更新：有关如何将单个端口redirect到HTTPS和HTTP侦听器的说明，请参阅此答案 。 如果由于某种原因您不使用该解决scheme，请参阅下面的内容：

无法在同一个端口上同时pipe理来自http和https的stream量。 Jetty使用两个完全不同的连接器绑定到安全和不安全的端口。 实际上，我遇到的每个Web服务器都将两个协议绑定到两个完全独立的端口。

有一件事我build议可用性的缘故是使用默认端口，从用户完全隐藏的端口。 默认情况下，http使用端口80，默认情况下，https使用端口443.因此，如果将连接器分别configuration为在端口80和端口443上运行，则用户不必input端口，开发团队也不必须在HTML，CSS，JavaScript和其他资源中处理绝对path中的端口号。

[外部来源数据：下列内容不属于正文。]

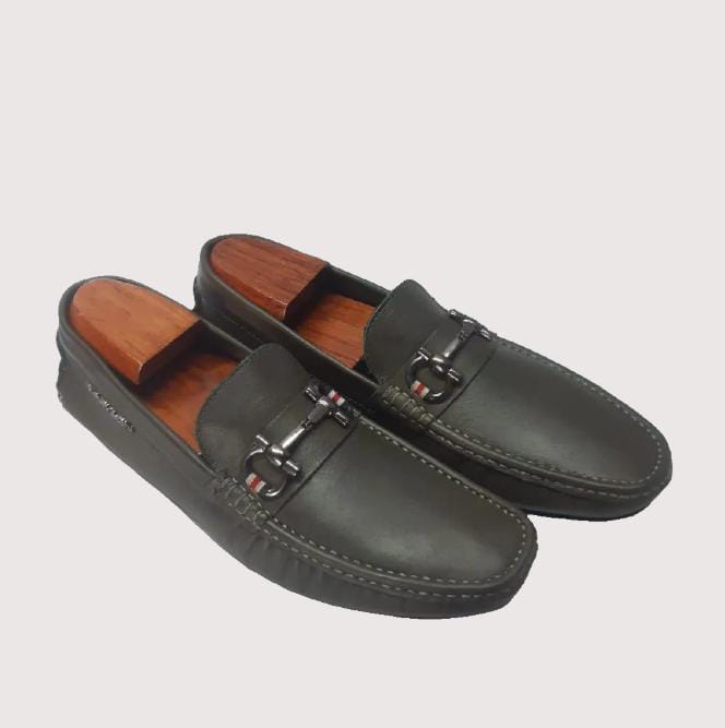Introducing the Alfredo TM Metal in Pebble Green - a stylish and comfortable leather shoe with a metal buckle. Crafted with expert precision, this shoe guarantees both style and comfort. Its metal buckle adds a touch of sophistication and ensures a secure fit. Elevate your outfit with this must-have footwear.

Jetty被devise成一个独立的Web服务器，不像旧版本的Tomcat ，Apachebuild议在Apache HTTP服务器后运行。 因此，只要你没有运行其他的HTTP服务器，并且使用这些端口，那么你应该能够configurationJetty在默认的端口上运行，没有任何问题。 这是来自经验。 我们正是以这种方式运行Jetty。

最后，协议可以绑定到多个端口。 因此，如果您当前在端口8080上运行Jetty，而在https上运行8443端口，则可以使这些连接器保持活动状态，并为端口80和端口443添加两个以上的连接器。这为您的应用程序部分启用了向后兼容使用端口号码，并给你时间走这个前进。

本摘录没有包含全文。